A universal literary genre, science fiction is more apt to transport readers to a different country and different culture than its classical counterpart. Whether it be artificial intelligence, climate change, e-waste, or space invaders, its themes have found global resonance among audiences. China’s rise as a major power has naturally drawn the gaze of the world amid the upheaval of the present and anxiety and curiosity over the future. Although Western readers and mass media may interpret Chinese science fiction through a political lens, for many others it satisfies a need for great and diverse stories. For authors, works do not serve political purposes; more often, they speak of possibilities, or sound alarms—or remind people not to allow a terrifying future to happen, and that the future must not divide nations. Government support and commercialization in the development of the Chinese science fiction industry have undoubtedly been critical, but it all started with the passion of the fans, and with the words ni hao crossing borders.

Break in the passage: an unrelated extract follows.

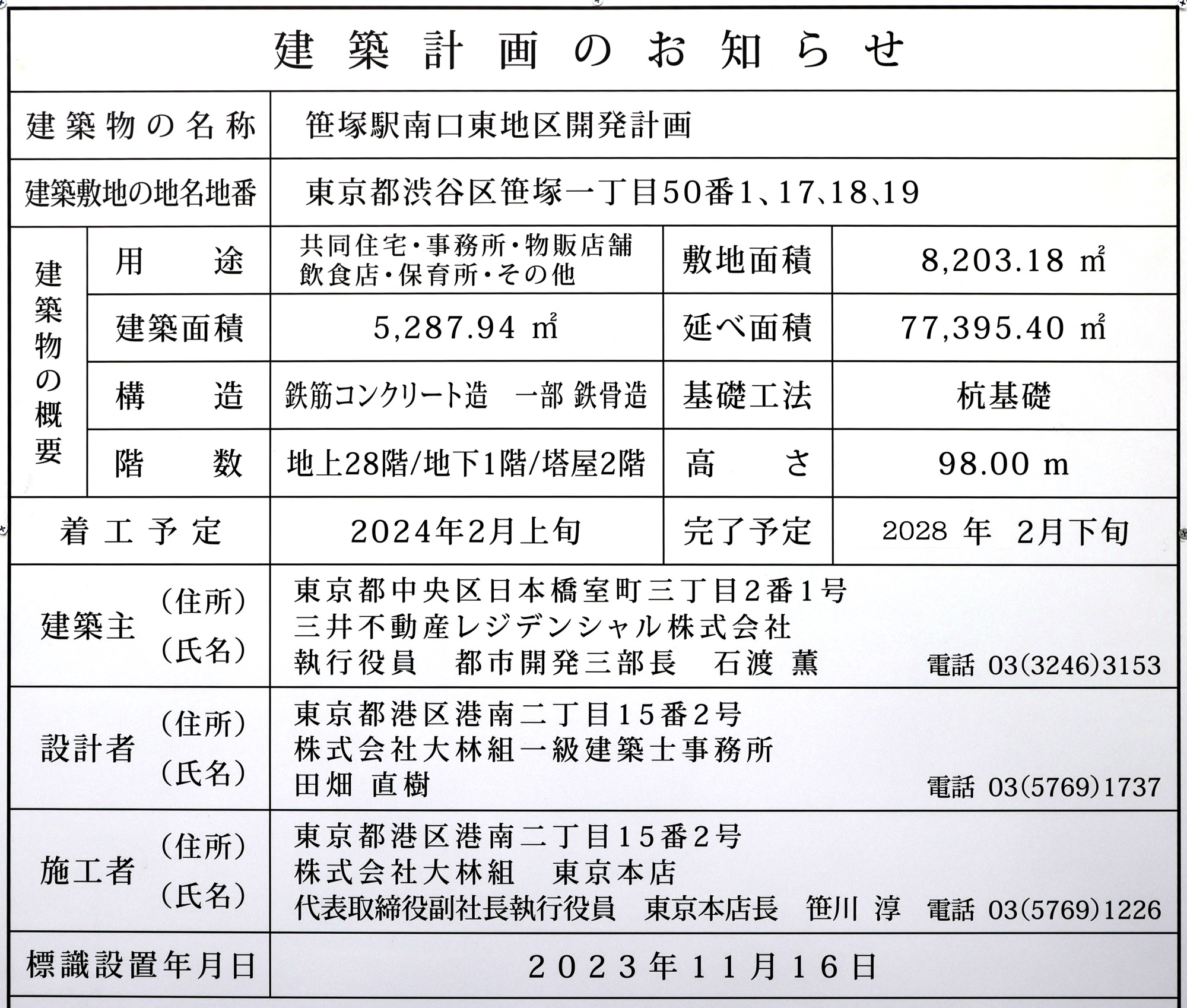 ¡¡2023ǯ11·î28Æü¤ËÆîÀ¾Â¦¤«¤é»£±Æ¤·¤¿¡ÖºûÄÍ±ØÆî¸ýÅìÃÏ¶èºÆ³«È¯·×²è¡×(ÃϾå28³¬¡¢¹â¤µ98m)¤Î·×²èÃϤǤ¹¡£
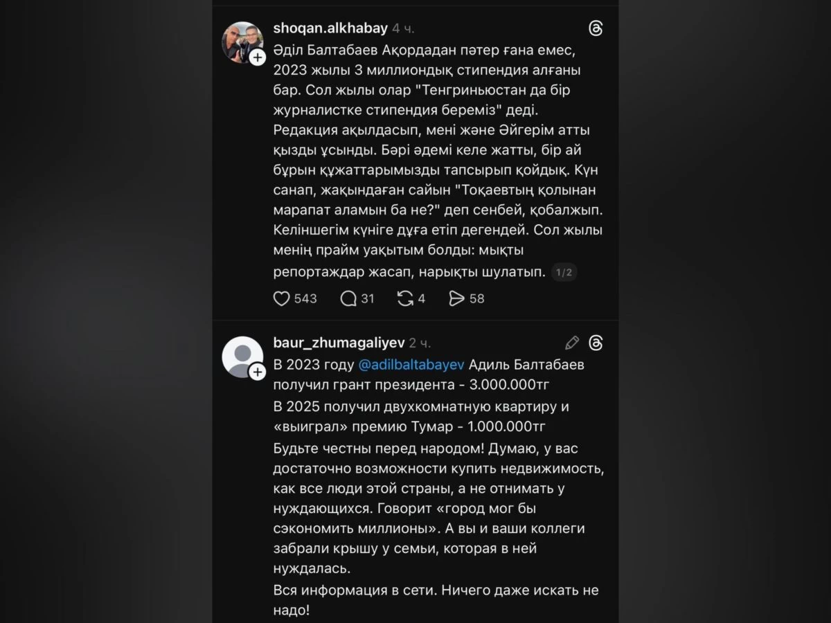"2023 жылы Әділ Балтабаев президент грантын 3 миллион теңге алды. 2025 жылы екі бөлмелі пәтер алып, "Тұмар" премиясын 1 миллион теңгемен "жеңіп шықты". Халық алдында адал болыңыз! Сізде бұл елдің басқа адамдары секілді өз күшіңізбен баспана сатып алуға мүмкіндік жеткілікті деп ойлаймын. Ал сіз бен әріптестеріңіз сол пәтерге мұқтаж отбасының баспанасын тартып алдыңыздар..." - деп шүйлікті Baur Zhumagaliyev.

I am pleased to see that Korean science fiction, with the support of LTI Korea, has made it into the pages of Clarkesworld, with no shortage of younger writers like Kim Choyeop. Her stylistically breathtaking and conceptually brilliant short story “Symbiosis Theory” has garnered positive reviews from English-language readers. A few months ago, Kim Juyoung’s Time Exile became the first Korean SF novel to be published in China. I immediately bought it and read it, and felt as if I could see the story on the big screen. I couldn’t put it down—or as Kim Bo-young remarked, “It is a story of epic proportions.” I look forward to seeing more Korean science fiction translated into Chinese and English, and I hope that Asian science fiction as a whole will win over more Western readers and command their attention.
Translated by Bonnie Huie
Regina Kanyu Wang is a bilingual writer from Shanghai who writes in both Chinese and English. She has won the SF Comet International Short Story Competition and multiple Xingyun Awards for Global Chinese SF. Her writings can be found in various magazines, anthologies, and in two individual collections, Of Cloud and Mist 2.2 and The Seafood Restaurant.